CHAPITRE 45: ÔTE MES DOUTES
Ecrit par L'UNIVERS DE JOLA
**LUCIA MANGA MFOULA**
Mon téléphone vibre à côté et quand
je regarde, je vois que c'est Ciel.
-Mon Ciel : Je suis devant le
portail.
-Moi : Mais klaxonne, tonton Demba
va t'ouvrir.
-Mon Ciel : Tes parents sont là
Lumière et tu connais ma position.
-Moi : (Emoji qui met la main sur
le visage) Jusqu'à quand ?
-Mon Ciel : Stp !
Je soupire avant de me lever et
enfiler mes babouches. Je sors de la maison et vais le rejoindre hors du
portail. Il ouvre la portière de son côté.

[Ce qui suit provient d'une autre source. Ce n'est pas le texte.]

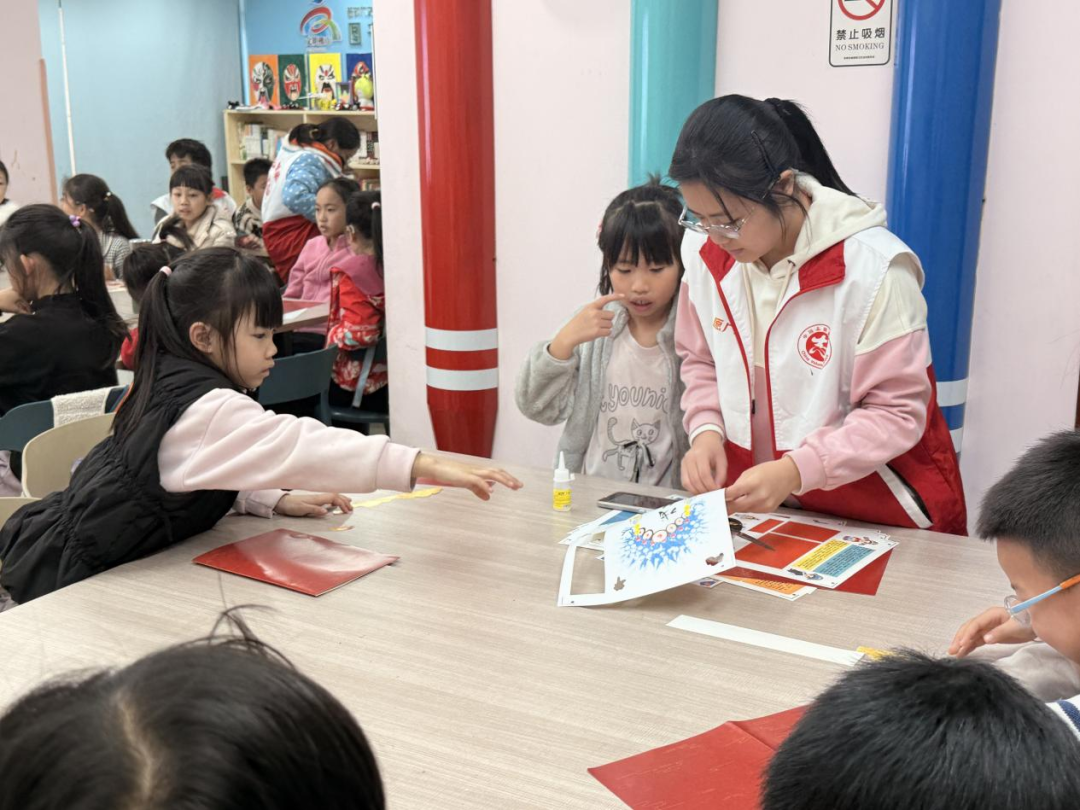 下午的粤剧文化体验课上,孩子们以小组合作形式制作粤剧主题立体书,从了解生、旦、净、丑等行当,到动手绘制、剪贴、组装,将传统戏曲元素转化为可触可感的纸艺作品。这一创新形式不仅锻炼了孩子们的动手能力与团队协作精神,更让非遗文化“可翻阅、可触摸、可传承”。

Moi : (Croisant mes mains sur ma
poitrine) Jusqu'à quand Ciel ? Je ne serai pas toujours là pour venir te
chercher dehors pour te faire rentrer dans la maison.
Bhernie : (Silence)
Moi : (Soupirant) On y va.
Bhernie : J'ai des bagages dans la
voiture.
Moi : Raison pour laquelle je t'ai
demandé de rentrer avec ton véhicule, qui va faire cet exercice ?
Bhernie : Tu peux prendre les
couches et je vais me débrouiller avec le reste.
Je le regarde de travers et ouvre
la portière arrière, je récupère les 4 paquets de couches qu'il a apportées
pour le petit et il essaie tant bien que mal de prendre le reste. Ce sont
essentiellement les affaires pour le bébé. Il n'en a pas besoin car avant que
Bhernie ne parte pour le Ghana, il avait payé des choses en grande quantité. Il
n'a fait qu'une semaine là-bas et le voilà qui revient avec d'autres choses
encore. Mais si j'essaie de le raisonner, il me dira qu'il ne veut pas que son
enfant manque de quoi que ce soit alors je le regarde.
Je suis là avec des affaires qui
vont peut-être aller jusqu'à 3 mois. La seule chose qui est bien c'est qu'il
n'a pas seulement acheté des affaires pour nouveau-né, il a varié dans tous ses
achats. Il n'a pas pris le lait car nous avons décidé de le nourrir
exclusivement au lait maternel, par contre il a encore apporté les petits
biberons de conservation de lait. Nous avons fait un premier tour et avons
laissé les affaires au salon, puis un 2e tour avant de chercher à nous asseoir.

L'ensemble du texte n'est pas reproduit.